Free from "this"; free to "this" - Part 1

One of my favorite shows of all time has to be Amazing Stories which I started watching in the 1980's. I have been watching the reboot of the series on AppleTV+ and just finished the fourth episode. Towards the end of the story one of the characters remarks that some dancers she had been watching with her daughter were "so connected yet so free". That phrase struck me. I would think that freedom and connectedness were antithetical to each other. But, as a Christian, this rings true because it describes my position as a son of the earth, son of a man, and a son of God perfectly.

As a human, absolute and total freedom from every burden is never to be my lot. Even thinking about what I am constrained to do I find myself in servitude more often than not. I need to eat. I need to drink. I need to sleep. I need to do a lot of things while I am in my earthly body. I am a slave to those physical acts. Now I can choose to free myself from them. There have been plenty of people that have gone on hunger strikes even starving themselves. But, while choosing freedom from satiating their hunger they chose another slavery. They had to serve their body as it shut down, little by little, until they were too weak to walk. Too weak to talk. They weren't free in the ultimate sense. They were free from something and inherited another service as a result. As a human I choose freedom and slavery at the same time. I am both connected and free. From birth I am dependent and, though I gain more and more independence as time goes on, I will forever find myself connected to something. 

Now it is both God's position and perfect practice to be ultimately free. He is not dependent on anything or anyone outside of himself. It is no mistake that, in the Amazing Stories episode that spawned this line of thought, the dancers were dancing in front of a stained glass window that showed Jesus praying to his Father in the garden of Gethsemane just before he was to be crucified and die. He chose his allegiance there understanding that connection to the Father's will, to go to the cross, would continue the Dance the Trinity dance through all eternity. He knew that choosing not to do his Father's will, even though he would be "free" to do what he wanted, was not freedom at all. In fact, it would have been a slavery far too troubling for him and us. 

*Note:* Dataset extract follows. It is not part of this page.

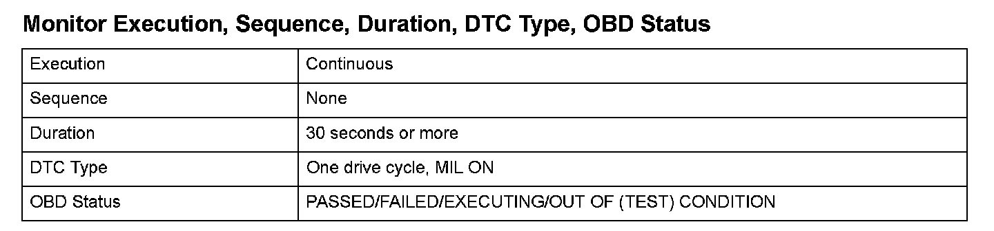 Monitor Execution, Sequence, Duration, DTC Type, OBD Status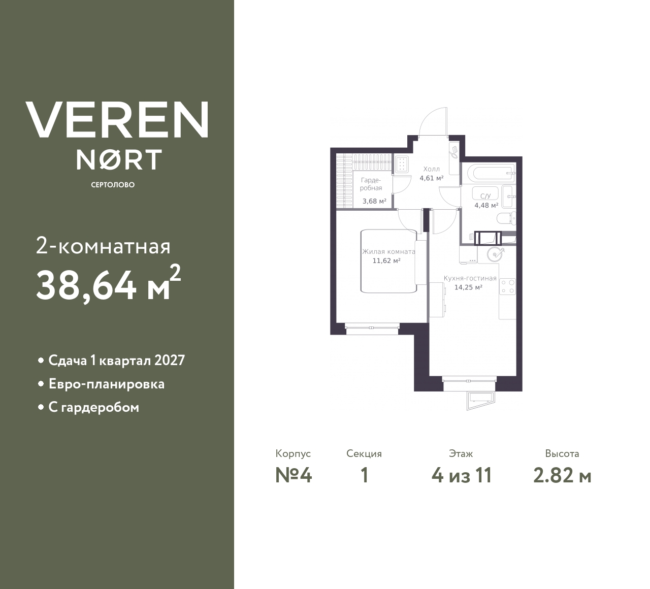 Торопитесь забронировать по этой цене! Период акции ограничен! Стоимость квартиры указана со скидкой, ваша экономия составит 1,698,946 RUB. По всем вопросам звоните в офис продаж, наши менеджеры вам все расскажут! Продается 1-комн. квартира от застройщика в Veren Nort Сертолово на 4 этаже. Квартира без отделки, полностью готова к чистовой отделке и дальнейшему ремонту. Общая площадь: 38.64 кв.м., жилая: 11.62 кв.м., площадь просторной куxни-гостиной: 14.25 кв.м. Все окна выходят на одну сторону. В квартире один совмещенный санузел. Высота потолков 2.82 м. Квартира находится в корпусе 4. Дом монолитный, одноподъездный, высотой 11 этажей. На этаже 14 квартир. В подъезде 1 пассажирский и 1 грузовой лифт. Начало строительства - 3 квартал 2023 года. Окончание строительства - 4 квартал 2025 года. Оформление сделки по договору долевого участия. Евро-планировка, с гардеробом, вид на приватный двор. Сочетание современной архитектуры и отличной экологии севера Лен. области. Выразительный облик домов разработан именитым архитектурным бюро «Остоженка». Характеристики жилого комплекса исключительны: продуманный ландшафтный дизайн, оригинальные парадные, разработанные по индивидуальному дизайн-проекту, современные детские и многофункциональные спортивные площадки, летний кинотеатр под открытым небом, два детских сада. Комплекс создается в уже сложившейся инфраструктуре г. Сертолово и обладает удобным транспортным сообщением с Санкт-Петербургом. В 300 метрах от «VEREN NORT сертолово» планируется транспортно-пересадочный узел «Сертолово», который обеспечит удобную железнодорожную связь с Финляндским вокзалом Санкт-Петербурга. (AQID02411673)

The son chose to be free by obeying the Father. He chose the freedom of the Father's burden. He chose well for the burden that he would have inherited had he not obeyed would have been one that he was not to bear. That was not his - it was his Father's. His Father bore it well, the son would not have. Jesus offers me an easy burden to carry, but it is still a burden. His burden is light but it still encumbers me like he was encumbered by the burden his Father gave him. I can choose to carry another one, but that is not mine to carry. Jesus carries it well. I do not.

All this to say that the son of God, Jesus, sets me free through my connectedness to him through my acceptance of the invitation to carry his burden: the burden he gives me. I am truly, truly free when I become his servant. His slave. 

In fact, I find that the alternative is a sheer horror.